My methodological strategy for the analysis of the data is based on an articulation of Pierre Bourdieu’s approach to symbolic systems and Eliseo Verón’s approach to discourse analysis. As Verón (1993) states, other discourses are always the “conditions of production” of a discourse. For Verón, discourse analysis begins from the produced meaning: “the crystallized fragments of the social production of meaning” (Verón, 1993). The researcher needs to look for the footprints of the discursive conditions in the produced meaning. In this sense, institutional documents, newspapers’ reports and interviews offered me access to the discursive conditions of soybean agriculture in Uruguay.

Verón understands the discursive process as the creation of meaning through the association or exclusion of different “themes” (Verón, 1993): that is, topics that organize and dramatize the discourse.
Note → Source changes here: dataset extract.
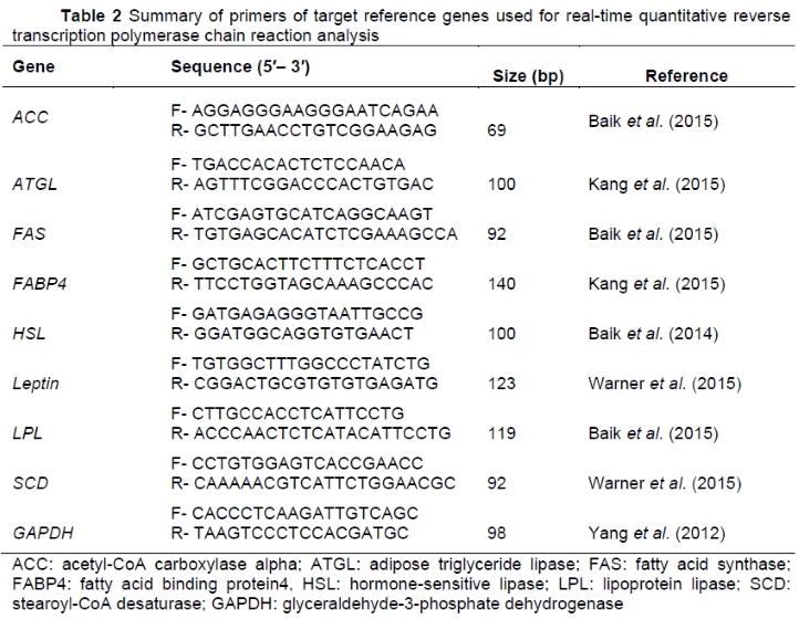 Real-time quantitative reverse transcription polymerase chain reaction (qRT-PCR) was performed using SsoFastTM EvaGreen® Supermix (Bio-Rad,) and a CFX96TM Real-Time PCR detection System (Bio-Rad). The cDNA was amplified from each gene, and the reaction was carried out according to the manufacturer's instructions (Bio-Rad). Briefly, PCR was conducted in a 20 μL total reaction volume containing 100 ng cDNA, 10 μl SsoFastTM EvaGreen® Supermix, and 1 μL of 10 pM primers. First-strand cDNAs, as templates, and gene-specific primers were used to amplify genes encoding for leptin, LPL, FAS, SCD, ACC, HSL, ATGL, FABP4, and GAPDH (Glyceraldehyde-3-phosphate dehydrogenase) (Table 2). The thermal cycling parameters were: 95 °C for 2 min, followed by 40 cycles at 95 °C for 5 s, 59 °C for 5 s, and 65 °C for 5 s. The AACT method was used to determine the relative fold-changes, and all data were normalized with the housekeeping gene, GAPDH. Statistical analysis of the real-time PCR results was performed using the Ct values (Ct gene of interest - Ct reference gene). The conversion between AACt and relative gene expression levels was: Fold induction = 2-ΔΔCt, where 2-ΔΔCt is relative gene expression (Livak and Schmittgen, 2001).

In this line, the researcher need to analyze how individuals make use and exclude certain themes, creating their own opinions (Phillips and Jörgensen, 2002: 67). In other words, social actors construct their discursive position-takings by articulating in their discourse different “themes” and confronting the latter with the themes developed by other actors.

After gathered a rich amount of material, I compared actors’ discourses on soybean agriculture. The objective was to see which themes (e.g., technology, social innovation, culture, environmental and social impacts) organized the different discourses. First, I did an explorative lecture to recognize the discursive contents of the material. Second, I identified different themes on each of those discourses. Third, I compared the themes and look for any variation on how themes were articulated to produce new meanings. In this sense, it is important to remark that in discourse analysis meaning is always seen as relational: that is, a theme has meaning because it associates or differentiates from other themes.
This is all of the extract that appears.